原油先限帳入値28180円(前日比+1000円)ガソリン先限帳入値39100円(前日比+1520円)灯油先限帳入値41840円(前日比+1210円)東京石油市場は上昇。ハリケーン「サリー」が米メキシコ湾岸に上陸する見通しであることから供給不安が高まっている。米石油協会(API)が発表した米週間石油在庫統計で原油在庫が減少したことも支援要因。ただ、「サリー」の進路は石油関連施設が集中する地域から離れており、石油関連施設の被害はほとんど発生しない公算。円相場が1ドル=105円前半まで円高に振れていることも上値を抑えている。米ホワイトハウスでイスラエルのネタニヤフ首相は、アラブ首長国連邦(UAE)やバーレーンと国交正常化合意文書に署名した。トランプ大統領は「少なくとも5、6カ国」をイスラエルと国交正常化させると述べたほか、サウジアラビアも含まれているとの見方を示した。午後の石油市場は急反発。為替は1ドル=105円台前半までさらに円高に振れているものの、前日の海外原油先物が上伸して、この日のアジアの時間帯の夜間取引でさらに一段高となっていることに支援された。また、この日のドバイ原油の現物も上昇している。主要3油種は軒並み急伸して、4ケタ高となる限月が続出した。前営業日比は、ガソリンが810~1590円高、灯油が1160~1220円高、軽油が出来ずだが、名目値で600円高。原油が530~1210円高。中京ガソリンは出来ず、灯油は変わらず~600円高。

ゴム

ゴムRSS3号先限帳入値184.6円(前日比+1.4円)TSR20先限帳入値 出来ずRSS3号は、期近安・期先高。寄り付きでは、薄商いの中、まとまった売りから各限月ともマイナスサイドに振れた。ただ、その後は、日中取引の上海ゴムが地合いを引き締めていることなどから、期先3本は買いが優勢となり、プラスサイドに振れている。
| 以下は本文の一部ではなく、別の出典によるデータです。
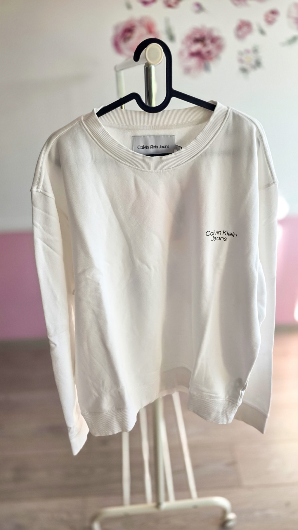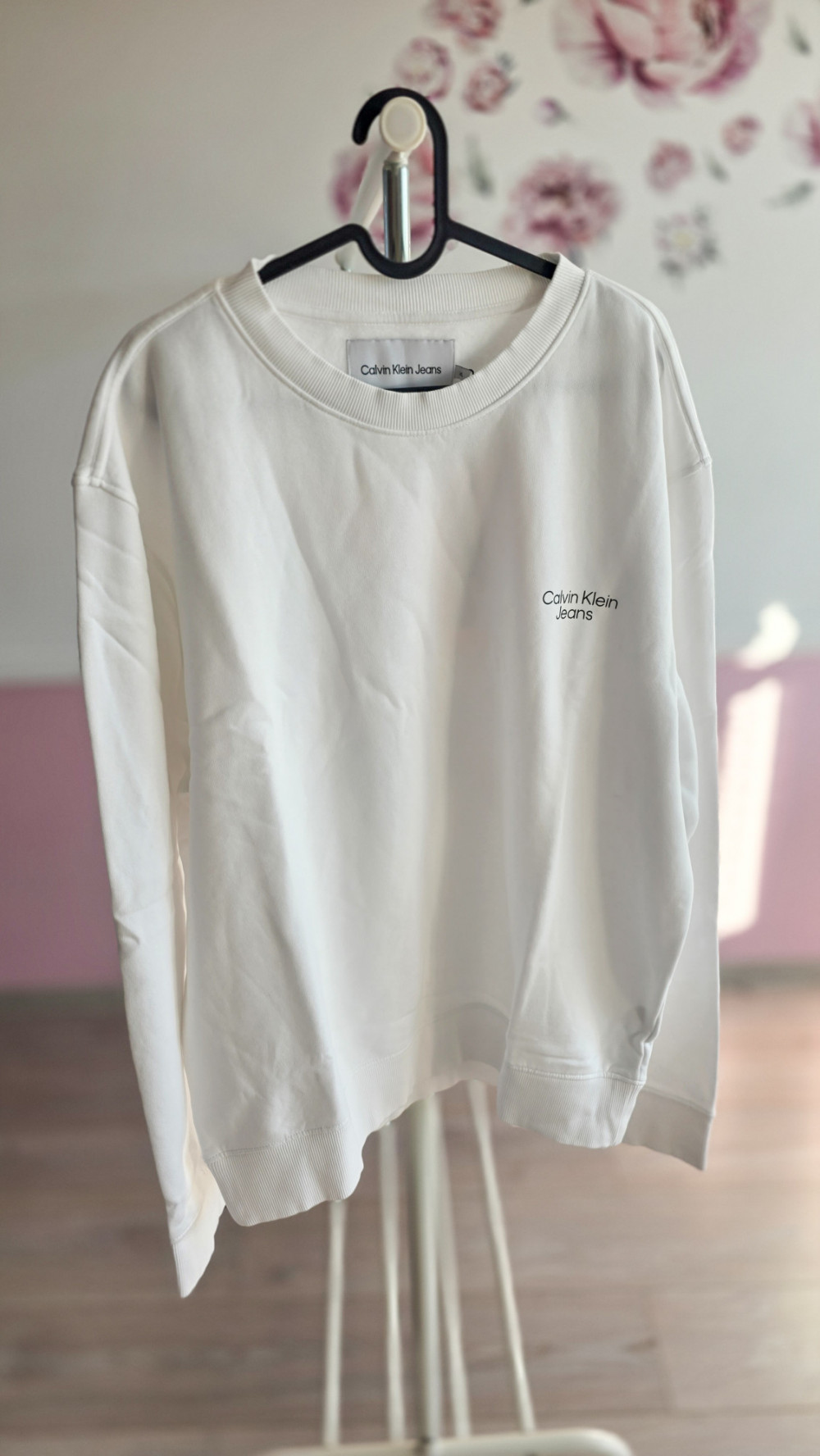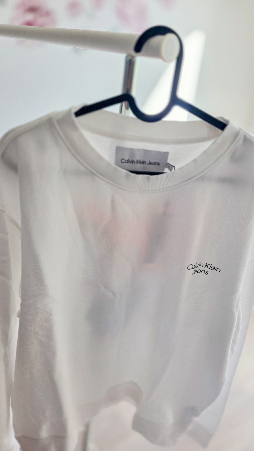 Calvin Klein Jeans – damska biała bluza z nadrukiem artystycznym na plecach (oryginał, z metkami)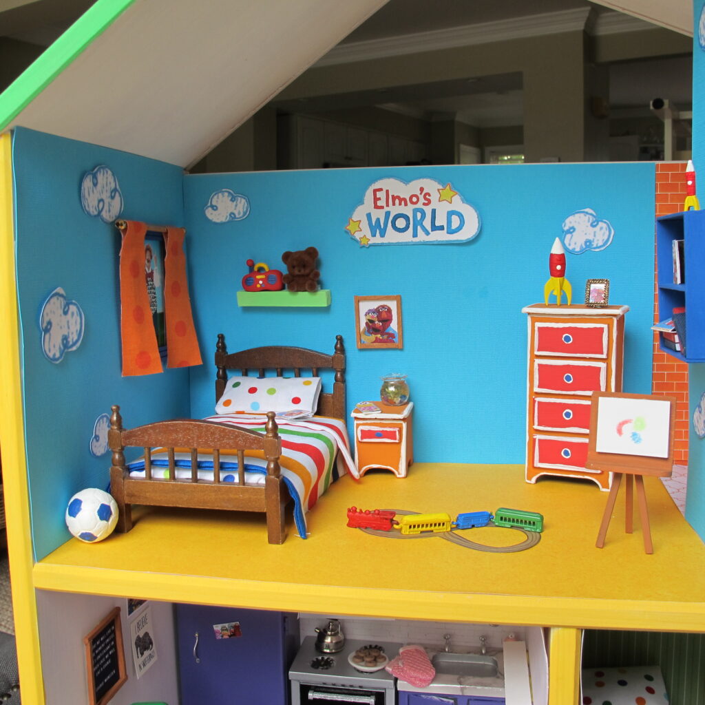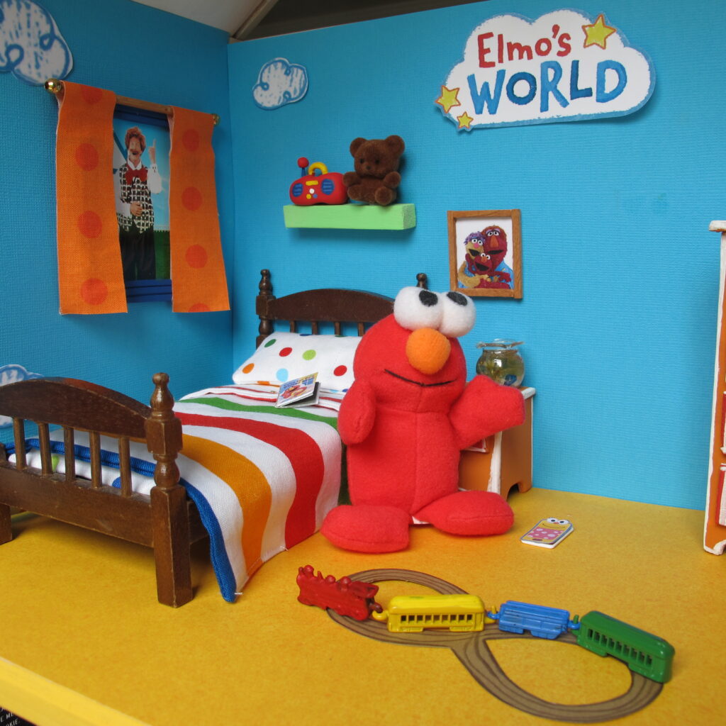 First up is Elmo’s Room, inspired by the new Elmo’s world set on Sesame Street. When I first started I didn’t realize the original set design had changed from its simple crayon drawn design. While that would have been a lot easier this was a lot more fun!

先限は、寄り付き直後は、181.8円まで突っ込む場面があったが、その後は日中取引の上海ゴムが地合いを引き締めたことなどを好感し、一時184.7円まで水準を引き上げる場面があった。産地価格は、ややピークアウトした感はあり、期近は上値が重くなっているが、期先には、上げ余地がありそうだ。午後は、日中取引の上海ゴムが地合いを引き締めると、期先3本は買い優勢優勢となり、プラスサイドに転じた。ただ、終盤は上げ幅を縮小させた。TSR20は、出来ず。大引けのRSS3は、前営業日比3.8円安~2.0円高、2月限は同1.4円高の184.6円。

とうもろこし・大豆

コーン先限帳入値は23630円(前日比-200円)とうもろこしは、期先3本が続落。シカゴ安、円相場が1ドル=105円台前半に続伸から売り優勢。16日のシカゴ夜間取引の続落から先限が下げ幅を拡大した。先限は2万3570円の安値をつけた後、下げ幅を縮小したが、2万3600円台半ばで戻りを抑えられた。米国産コーンは作柄の悪化が続いているが、収穫期を迎え、調整色を濃くする展開。期先が軟調。先限は日中取引の序盤で2万3570円まで下落。10日の安値2万3560円が支持線となり、2万3600円台に戻した。2万3560円割れとなると、次の下値のメドは2万3500円の節目になる。午後は先限は2万3570円の安値をつけた後、下げ幅を縮小したが、2万3660円で戻り一杯となった。終盤に再度、2万3600円割れとなったが、買い拾われ、2万3600円台に戻して引けた。 前営業日比は200円安~30円高。先限は同200円安の2万3630円。